Use Reader API when:
- Stream is non-seekable (network, pipe, compressed)
- Processing large files
- Memory is limited
- Forward-only processing is acceptable
Writers/ - Writer Implementations
Contains IWriter implementations for forward-only writing.
Key Files:
AbstractWriter.cs- Base writer classIWriter.cs- Writer interfaceWriterFactory.cs- Factory for creating writersWriterOptions.cs- Configuration for writers- Format-specific:
ZipWriter.cs,TarWriter.cs,GZipWriter.cs
Factories/ - Format Detection
Factory classes for auto-detecting archive format and creating appropriate readers/writers.
Key Files:
Factory.cs- Base factory classIFactory.cs- Factory interface- Format-specific:
ZipFactory.cs,TarFactory.cs,RarFactory.cs, etc.
How It Works:
ReaderFactory.Open(stream)probes stream signatures- Identifies format by magic bytes
- Creates appropriate reader instance
- Returns generic
IReaderinterface
Common/ - Shared Types
Common types, options, and enumerations used across formats.
Key Files:
IEntry.cs- Entry interface (file within archive)Entry.cs- Entry implementationArchiveType.cs- Enum for archive formatsCompressionType.cs- Enum for compression methodsArchiveEncoding.cs- Character encoding configurationExtractionOptions.cs- Extraction configuration- Format-specific headers:
Zip/Headers/,Tar/Headers/,Rar/Headers/, etc.
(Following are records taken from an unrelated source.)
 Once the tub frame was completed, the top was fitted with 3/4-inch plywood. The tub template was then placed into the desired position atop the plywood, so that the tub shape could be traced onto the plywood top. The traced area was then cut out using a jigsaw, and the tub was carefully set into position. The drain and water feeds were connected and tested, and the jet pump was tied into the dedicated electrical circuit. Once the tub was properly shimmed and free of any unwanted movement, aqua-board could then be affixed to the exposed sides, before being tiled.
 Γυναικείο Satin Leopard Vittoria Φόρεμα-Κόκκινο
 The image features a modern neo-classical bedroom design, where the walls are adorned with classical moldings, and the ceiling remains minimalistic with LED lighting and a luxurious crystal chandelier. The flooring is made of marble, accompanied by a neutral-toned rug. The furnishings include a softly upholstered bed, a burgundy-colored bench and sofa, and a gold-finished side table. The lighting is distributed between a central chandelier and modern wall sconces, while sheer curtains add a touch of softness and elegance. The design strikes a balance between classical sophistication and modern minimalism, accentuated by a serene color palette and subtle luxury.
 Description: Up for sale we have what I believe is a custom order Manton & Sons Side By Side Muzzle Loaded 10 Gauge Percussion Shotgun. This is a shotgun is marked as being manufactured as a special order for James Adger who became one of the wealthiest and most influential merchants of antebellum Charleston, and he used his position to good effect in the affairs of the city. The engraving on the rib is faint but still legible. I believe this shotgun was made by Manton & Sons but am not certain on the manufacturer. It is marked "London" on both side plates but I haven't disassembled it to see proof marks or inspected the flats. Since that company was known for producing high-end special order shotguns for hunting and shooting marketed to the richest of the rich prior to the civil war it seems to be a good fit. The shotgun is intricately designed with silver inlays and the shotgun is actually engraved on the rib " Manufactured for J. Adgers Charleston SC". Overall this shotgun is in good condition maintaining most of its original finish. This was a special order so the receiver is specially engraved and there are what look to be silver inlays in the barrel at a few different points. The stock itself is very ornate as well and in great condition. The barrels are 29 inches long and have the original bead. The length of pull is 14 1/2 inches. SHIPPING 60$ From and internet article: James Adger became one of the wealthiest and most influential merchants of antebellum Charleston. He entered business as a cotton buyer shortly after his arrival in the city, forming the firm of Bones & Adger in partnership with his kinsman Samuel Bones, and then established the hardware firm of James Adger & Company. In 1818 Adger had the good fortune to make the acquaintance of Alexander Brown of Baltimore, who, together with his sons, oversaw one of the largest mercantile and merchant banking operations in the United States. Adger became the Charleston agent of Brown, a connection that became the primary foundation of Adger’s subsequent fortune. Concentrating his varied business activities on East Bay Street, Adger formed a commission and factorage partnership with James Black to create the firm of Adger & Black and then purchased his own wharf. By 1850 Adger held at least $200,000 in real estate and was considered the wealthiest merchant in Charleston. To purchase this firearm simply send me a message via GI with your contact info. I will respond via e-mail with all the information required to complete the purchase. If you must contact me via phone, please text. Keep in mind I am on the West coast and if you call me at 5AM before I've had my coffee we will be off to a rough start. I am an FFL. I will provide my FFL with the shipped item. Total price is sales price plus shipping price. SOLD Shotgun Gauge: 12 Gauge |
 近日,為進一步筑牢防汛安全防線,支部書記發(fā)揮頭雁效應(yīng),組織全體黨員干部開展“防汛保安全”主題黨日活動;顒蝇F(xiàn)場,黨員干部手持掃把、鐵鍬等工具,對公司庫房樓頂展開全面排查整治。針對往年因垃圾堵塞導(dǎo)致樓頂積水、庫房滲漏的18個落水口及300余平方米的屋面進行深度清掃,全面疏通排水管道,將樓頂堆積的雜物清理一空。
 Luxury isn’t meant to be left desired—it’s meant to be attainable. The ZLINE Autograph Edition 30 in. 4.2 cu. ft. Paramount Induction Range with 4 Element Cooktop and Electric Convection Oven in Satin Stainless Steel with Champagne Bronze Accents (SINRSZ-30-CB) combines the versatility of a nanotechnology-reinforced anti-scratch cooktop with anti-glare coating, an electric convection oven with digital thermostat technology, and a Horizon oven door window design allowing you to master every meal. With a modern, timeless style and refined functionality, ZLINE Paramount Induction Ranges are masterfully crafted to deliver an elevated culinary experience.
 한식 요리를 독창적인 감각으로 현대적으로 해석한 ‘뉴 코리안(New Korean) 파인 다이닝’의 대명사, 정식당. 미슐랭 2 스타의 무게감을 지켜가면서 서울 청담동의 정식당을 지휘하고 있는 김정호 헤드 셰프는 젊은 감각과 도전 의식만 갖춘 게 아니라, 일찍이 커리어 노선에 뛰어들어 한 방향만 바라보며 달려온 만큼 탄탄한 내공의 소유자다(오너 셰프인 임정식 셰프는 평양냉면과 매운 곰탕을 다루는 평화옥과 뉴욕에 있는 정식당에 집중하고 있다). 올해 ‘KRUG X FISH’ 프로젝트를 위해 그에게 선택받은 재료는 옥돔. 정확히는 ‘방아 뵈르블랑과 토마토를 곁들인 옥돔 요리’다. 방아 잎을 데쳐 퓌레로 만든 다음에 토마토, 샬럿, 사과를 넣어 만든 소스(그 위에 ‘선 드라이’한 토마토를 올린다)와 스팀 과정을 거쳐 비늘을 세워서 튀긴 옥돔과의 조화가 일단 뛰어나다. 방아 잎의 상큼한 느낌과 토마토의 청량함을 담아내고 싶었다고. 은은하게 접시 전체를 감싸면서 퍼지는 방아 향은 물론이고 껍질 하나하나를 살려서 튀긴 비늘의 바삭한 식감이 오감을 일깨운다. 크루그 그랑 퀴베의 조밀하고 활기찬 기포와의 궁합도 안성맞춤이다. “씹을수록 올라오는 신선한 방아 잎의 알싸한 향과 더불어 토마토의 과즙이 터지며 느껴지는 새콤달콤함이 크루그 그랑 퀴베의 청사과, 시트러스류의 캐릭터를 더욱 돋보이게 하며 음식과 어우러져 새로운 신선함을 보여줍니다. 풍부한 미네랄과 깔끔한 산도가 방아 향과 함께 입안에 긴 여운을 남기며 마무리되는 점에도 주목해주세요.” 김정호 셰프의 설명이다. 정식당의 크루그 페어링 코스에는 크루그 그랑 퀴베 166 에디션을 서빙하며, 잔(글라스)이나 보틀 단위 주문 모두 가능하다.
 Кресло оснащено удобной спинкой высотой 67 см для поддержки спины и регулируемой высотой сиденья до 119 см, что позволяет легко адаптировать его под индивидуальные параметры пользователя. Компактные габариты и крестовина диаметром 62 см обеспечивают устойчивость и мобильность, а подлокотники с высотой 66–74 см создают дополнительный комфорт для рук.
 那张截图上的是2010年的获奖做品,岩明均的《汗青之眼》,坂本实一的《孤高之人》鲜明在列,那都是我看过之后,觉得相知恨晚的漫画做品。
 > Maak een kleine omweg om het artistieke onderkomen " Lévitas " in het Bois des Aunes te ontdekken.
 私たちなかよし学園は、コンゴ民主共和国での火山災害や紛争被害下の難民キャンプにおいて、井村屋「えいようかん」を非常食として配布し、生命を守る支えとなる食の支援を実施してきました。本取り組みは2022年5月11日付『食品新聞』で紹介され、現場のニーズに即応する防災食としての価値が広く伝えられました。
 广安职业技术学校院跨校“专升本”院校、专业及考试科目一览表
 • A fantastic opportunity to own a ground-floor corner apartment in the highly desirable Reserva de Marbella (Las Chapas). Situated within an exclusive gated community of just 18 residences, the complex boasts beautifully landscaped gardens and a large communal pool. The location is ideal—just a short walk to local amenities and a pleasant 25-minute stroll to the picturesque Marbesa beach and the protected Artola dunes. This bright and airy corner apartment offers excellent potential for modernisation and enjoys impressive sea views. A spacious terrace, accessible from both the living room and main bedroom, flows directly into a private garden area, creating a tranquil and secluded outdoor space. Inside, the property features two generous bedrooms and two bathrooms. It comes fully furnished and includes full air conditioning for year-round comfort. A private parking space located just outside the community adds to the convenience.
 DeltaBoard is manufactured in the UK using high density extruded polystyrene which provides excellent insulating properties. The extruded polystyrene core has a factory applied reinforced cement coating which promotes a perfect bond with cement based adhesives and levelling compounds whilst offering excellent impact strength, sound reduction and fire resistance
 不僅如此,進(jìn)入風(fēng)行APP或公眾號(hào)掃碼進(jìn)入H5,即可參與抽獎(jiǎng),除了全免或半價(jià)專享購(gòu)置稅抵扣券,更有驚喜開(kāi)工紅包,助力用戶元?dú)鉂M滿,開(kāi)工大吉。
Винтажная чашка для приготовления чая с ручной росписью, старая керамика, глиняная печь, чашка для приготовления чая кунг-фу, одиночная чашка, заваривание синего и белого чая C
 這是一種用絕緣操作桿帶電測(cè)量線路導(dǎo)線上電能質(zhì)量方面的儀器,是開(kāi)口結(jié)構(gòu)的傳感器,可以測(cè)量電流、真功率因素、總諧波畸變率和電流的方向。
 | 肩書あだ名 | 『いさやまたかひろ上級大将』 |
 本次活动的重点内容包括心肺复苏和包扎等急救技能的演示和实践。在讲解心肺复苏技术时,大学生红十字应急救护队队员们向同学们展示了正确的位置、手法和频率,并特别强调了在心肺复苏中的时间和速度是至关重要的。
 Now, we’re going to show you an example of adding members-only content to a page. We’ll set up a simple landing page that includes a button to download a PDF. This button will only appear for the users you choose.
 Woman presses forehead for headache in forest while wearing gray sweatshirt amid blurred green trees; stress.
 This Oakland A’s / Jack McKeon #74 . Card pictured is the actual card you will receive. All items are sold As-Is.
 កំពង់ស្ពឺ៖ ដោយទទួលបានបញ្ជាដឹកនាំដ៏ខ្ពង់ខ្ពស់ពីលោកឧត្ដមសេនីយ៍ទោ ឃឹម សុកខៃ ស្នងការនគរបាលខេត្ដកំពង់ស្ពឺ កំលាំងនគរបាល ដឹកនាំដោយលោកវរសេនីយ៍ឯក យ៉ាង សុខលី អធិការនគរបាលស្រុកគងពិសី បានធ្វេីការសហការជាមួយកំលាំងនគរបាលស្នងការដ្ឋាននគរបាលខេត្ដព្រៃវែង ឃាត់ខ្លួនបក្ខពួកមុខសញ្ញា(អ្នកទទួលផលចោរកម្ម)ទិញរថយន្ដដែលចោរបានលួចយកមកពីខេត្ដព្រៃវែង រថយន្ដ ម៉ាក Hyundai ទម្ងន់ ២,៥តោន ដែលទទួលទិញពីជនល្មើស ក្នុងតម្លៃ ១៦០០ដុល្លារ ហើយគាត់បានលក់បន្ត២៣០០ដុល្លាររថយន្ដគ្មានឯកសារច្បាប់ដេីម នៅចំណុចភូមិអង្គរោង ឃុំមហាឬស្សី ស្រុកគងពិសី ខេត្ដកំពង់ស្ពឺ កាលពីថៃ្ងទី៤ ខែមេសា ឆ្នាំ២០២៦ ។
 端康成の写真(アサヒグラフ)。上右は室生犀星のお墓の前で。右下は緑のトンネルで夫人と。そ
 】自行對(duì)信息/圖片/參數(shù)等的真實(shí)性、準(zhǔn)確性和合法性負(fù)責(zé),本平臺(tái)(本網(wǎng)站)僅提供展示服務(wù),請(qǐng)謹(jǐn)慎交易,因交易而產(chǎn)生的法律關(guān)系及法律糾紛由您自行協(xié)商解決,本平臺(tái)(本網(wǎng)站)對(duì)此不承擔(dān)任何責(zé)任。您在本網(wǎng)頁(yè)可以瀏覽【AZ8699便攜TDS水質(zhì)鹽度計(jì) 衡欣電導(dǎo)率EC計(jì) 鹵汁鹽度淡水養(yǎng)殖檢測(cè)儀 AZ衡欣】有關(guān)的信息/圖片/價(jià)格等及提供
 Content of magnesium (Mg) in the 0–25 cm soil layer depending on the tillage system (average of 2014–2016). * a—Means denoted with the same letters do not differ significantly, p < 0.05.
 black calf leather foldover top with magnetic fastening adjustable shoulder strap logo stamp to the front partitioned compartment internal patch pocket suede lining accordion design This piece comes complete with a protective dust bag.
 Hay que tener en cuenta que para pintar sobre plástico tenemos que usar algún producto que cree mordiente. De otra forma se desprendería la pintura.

Compressors/ - Compression Algorithms
Low-level compression streams implementing specific algorithms.
Algorithms:
Deflate/- DEFLATE compression (Zip default)BZip2/- BZip2 compressionLZMA/- LZMA compression (7Zip, XZ, LZip)PPMd/- Prediction by Partial Matching (Zip, 7Zip)ZStandard/- ZStandard compression (decompression only)Xz/- XZ format (decompression only)Rar/- RAR-specific unpackingArj/,Arc/,Ace/- Legacy format decompressionFilters/- BCJ/BCJ2 filters for executable compression
Each Compressor:
- Implements a
Streamsubclass - Provides both compression and decompression
- Some are read-only (decompression only)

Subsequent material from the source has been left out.